Alison Penny, Director of the Childhood Bereavement Network, looks ahead to Children’s Grief Awareness Week (19 to 26 Nov) and considers the particular challenges apparent in 2020.
It’s a sad fact, but in this year of Covid-19 more schools than ever have been called upon to support grieving pupils. As well as those bereaved by the coronavirus itself, many children have experienced the death of someone they love from other causes, including cancer, sudden death or suicide. Sadly, the country has experienced more overall deaths than usual this year, and this means that more children have been bereaved.
Since March, physical distancing measures have affected all bereavements. Many children and young people have been unable to spend time with or say goodbye in person to a dying loved one, whether in hospital, hospice, care home or a different household. The Childhood Bereavement Network (CBN) has produced guidance to help families stay connected to someone who is so ill they might die, even at a distance.
Restrictions on the numbers attending funerals also mean that many children and young people have been unable to share in these important rituals of shared grief.
Usually, spending time with family and friends and supporting one another can help children and young people come to terms with the death of someone close, but it is harder to do this at a distance. To overcome this, CBN has shared suggestions to help young people reach out for support from parents and friends.
For those that need more support than their family and friends can provide, local child bereavement services provide a range of services. Typically, these include one-to-one support or counselling, or work with the whole family together. Many offer peer support groups where young people who have been bereaved meet with one another, helping each realise they are not alone and build their strength and confidence. However, infection control measures mean that most services have had to radically adapt the way they provide support, often moving their work online
As well as pupils who have been bereaved themselves, children and young people have been exposed to stories in the media and community conversations about dying and death this year at levels that are unprecedented in recent times.

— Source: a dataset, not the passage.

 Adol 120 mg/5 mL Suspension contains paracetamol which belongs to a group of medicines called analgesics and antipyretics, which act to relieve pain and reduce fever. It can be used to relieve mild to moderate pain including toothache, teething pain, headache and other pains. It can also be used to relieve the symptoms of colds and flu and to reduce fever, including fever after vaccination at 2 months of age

Inevitably these experiences and conversations come in through the school gates. This year has brought a new urgency to providing good support to grieving pupils, and providing opportunities to learn about coping with bereavement.

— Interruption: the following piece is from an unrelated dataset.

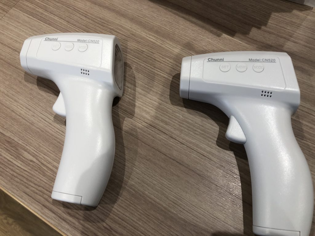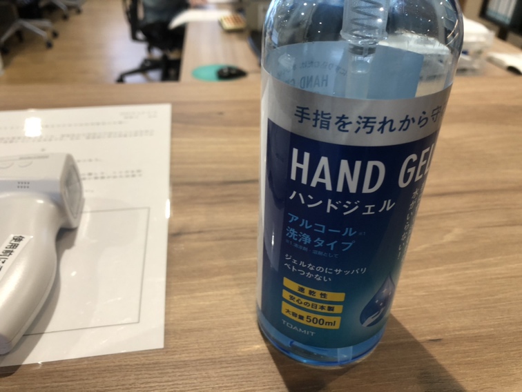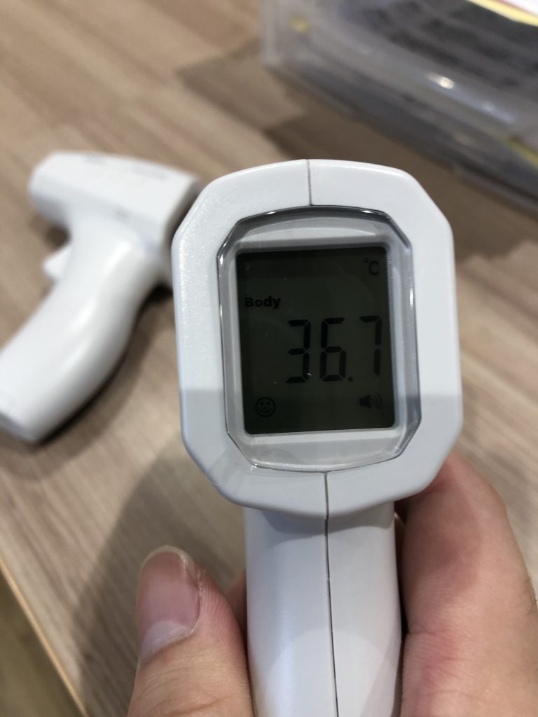 非接触タイプの体温計を導入し、出勤時に熱がないか確認するようにしました。

Many senior leadership teams within schools have worked hard to make sure their staff are well prepared to acknowledge pupils’ grief, respond to their needs and find extra support when it is needed. The Department for Education’s Wellbeing for Education Return programme, which aims to lessen the impact of the pandemic on the mental health and wellbeing of staff and pupils, directly addresses topics of loss and bereavement, and should be available in every area.
Children’s Grief Awareness Week runs 19-26th November, coordinated by the Childhood Bereavement Network, Grief Encounter and the Life Matters Taskforce partners. It is an ideal opportunity for schools to consider their approach to supporting pupils. The Childhood Bereavement Network’s Growing in Grief Awareness audit tool provides a free framework for early years settings, schools and colleges to think through what support is already in place, and what more might be needed. The audit can be used to develop a full action plan, which might involve the school setting up peer support groups, arranging twilight training sessions with their local child bereavement service, or accessing e-learning from Winston’s Wish or webinars from Child Bereavement UK.
This year, the theme for Children’s Grief Awareness Week is #SayTheWords, and aims to tackle the isolation that so many bereaved children, young people and their families can face. Even before the pandemic, bereaved pupils said they felt lonely and ‘different’ as a result of their bereavement. Often, their grief can undermine friendships and other important relationships in their lives.
This year, physical distancing measures have made it even harder for friends and families to support one another, and for child bereavement services to provide the support as they usually would. So we’re encouraging bereaved children, and families to #SayTheWords to talk about their grief and to reach out for support.
We’re also inviting schools to #SayTheWords, to acknowledge pupils’ grief, make time to have a conversation and bravely tackle the taboos that still exist about talking about these topics. Schools must be part of the network of support around grieving pupils, helping them find hope for their future at a time of personal and national loss.